━━━━━ The records

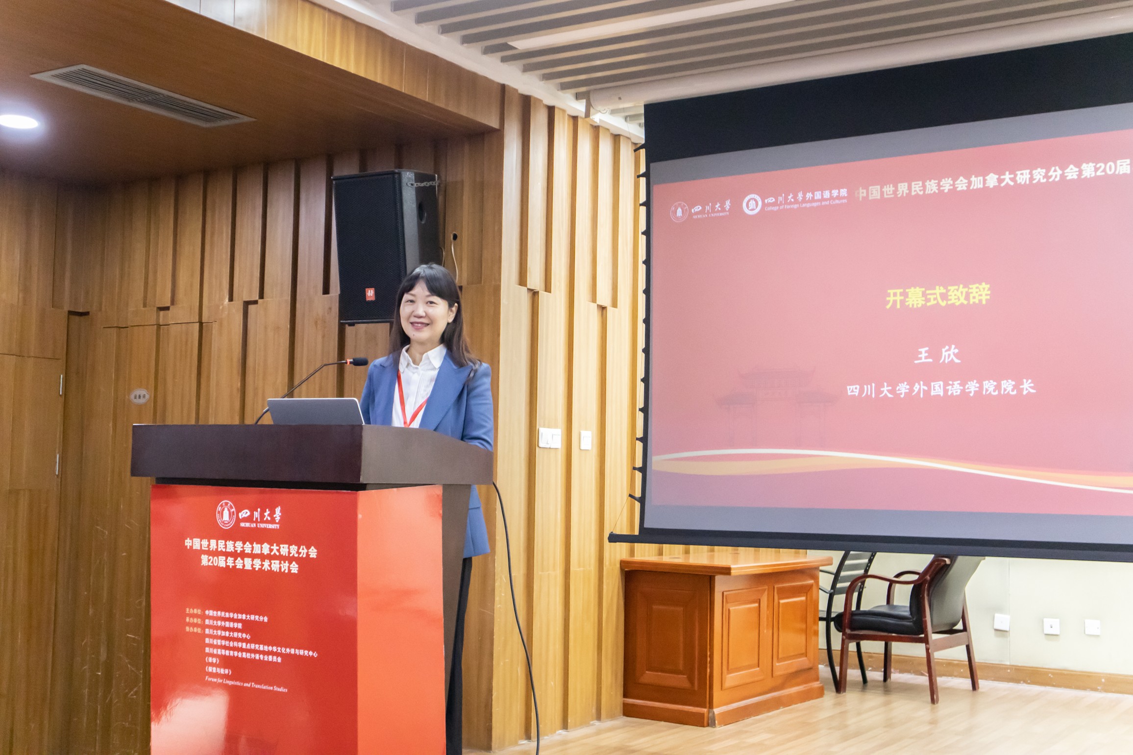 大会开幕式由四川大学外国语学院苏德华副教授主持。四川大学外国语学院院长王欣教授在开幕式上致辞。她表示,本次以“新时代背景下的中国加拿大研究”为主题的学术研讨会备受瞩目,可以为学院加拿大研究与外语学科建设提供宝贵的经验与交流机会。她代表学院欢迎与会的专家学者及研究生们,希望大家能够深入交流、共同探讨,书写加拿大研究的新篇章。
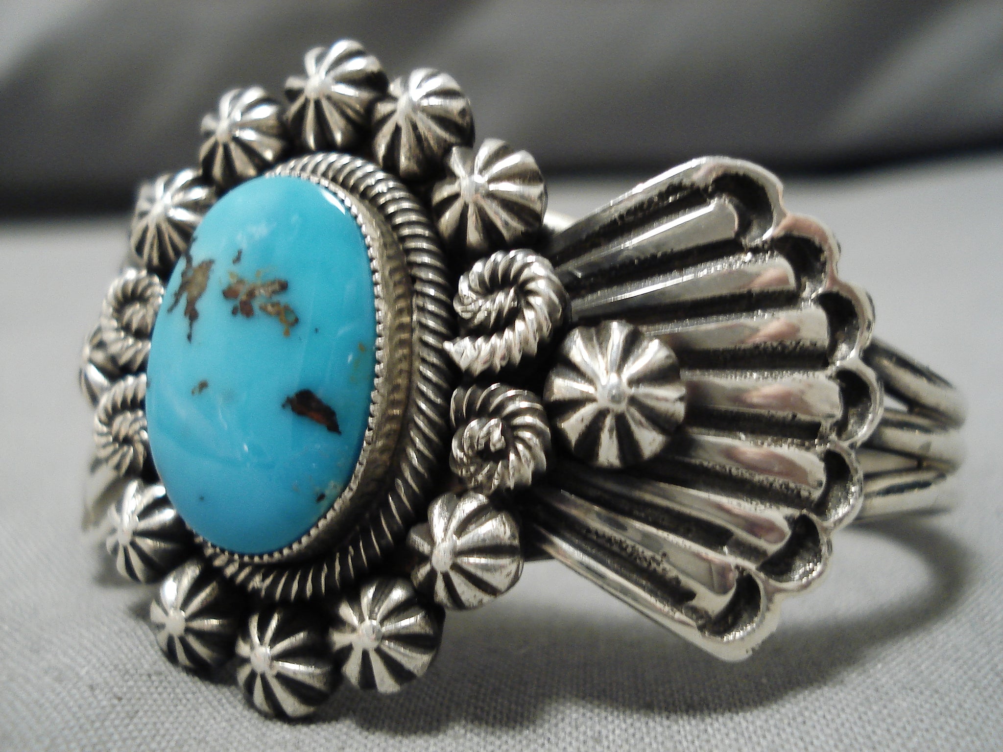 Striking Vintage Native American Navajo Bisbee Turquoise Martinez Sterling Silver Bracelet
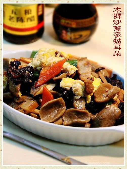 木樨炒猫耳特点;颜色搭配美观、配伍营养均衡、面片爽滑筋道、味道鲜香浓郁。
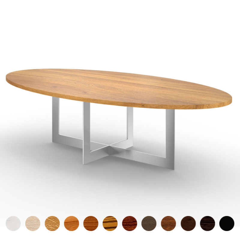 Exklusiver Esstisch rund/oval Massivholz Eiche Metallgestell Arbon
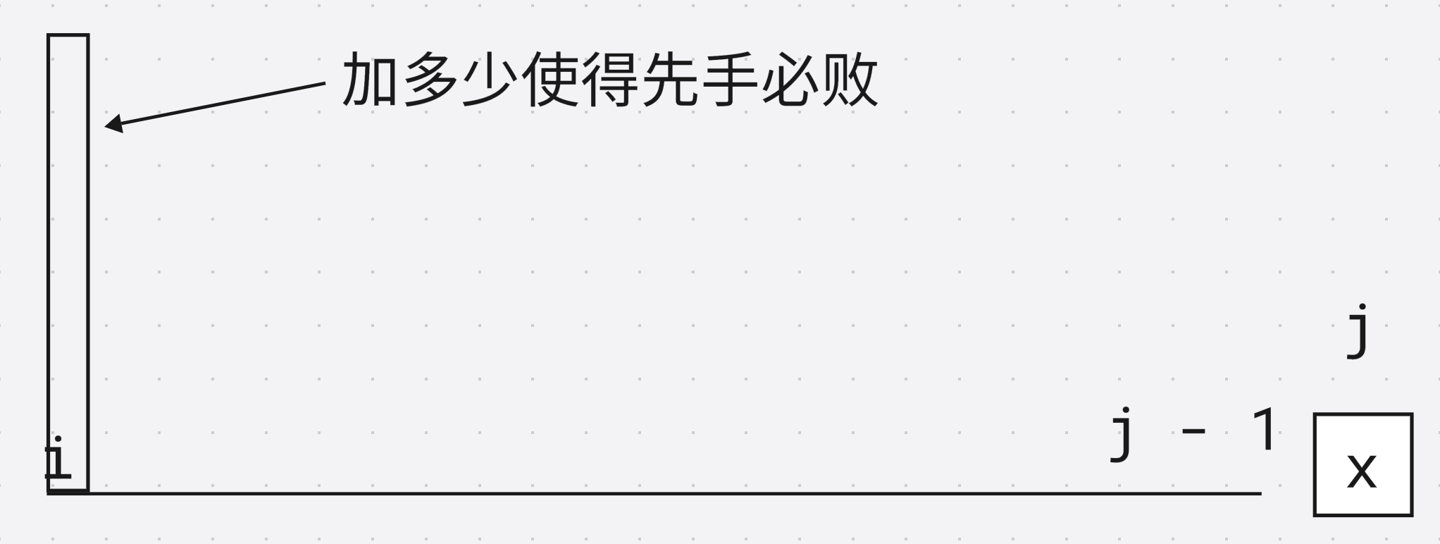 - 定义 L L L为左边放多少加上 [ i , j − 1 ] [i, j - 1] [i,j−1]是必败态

━━━━━━━━━━

What is required
Print the material above once more, exactly, minus the pictures.

Answer
 大会开幕式由四川大学外国语学院苏德华副教授主持。四川大学外国语学院院长王欣教授在开幕式上致辞。她表示,本次以“新时代背景下的中国加拿大研究”为主题的学术研讨会备受瞩目,可以为学院加拿大研究与外语学科建设提供宝贵的经验与交流机会。她代表学院欢迎与会的专家学者及研究生们,希望大家能够深入交流、共同探讨,书写加拿大研究的新篇章。
 Striking Vintage Native American Navajo Bisbee Turquoise Martinez Sterling Silver Bracelet
 木樨炒猫耳特点;颜色搭配美观、配伍营养均衡、面片爽滑筋道、味道鲜香浓郁。
 Exklusiver Esstisch rund/oval Massivholz Eiche Metallgestell Arbon
 - 定义 L L L为左边放多少加上 [ i , j − 1 ] [i, j - 1] [i,j−1]是必败态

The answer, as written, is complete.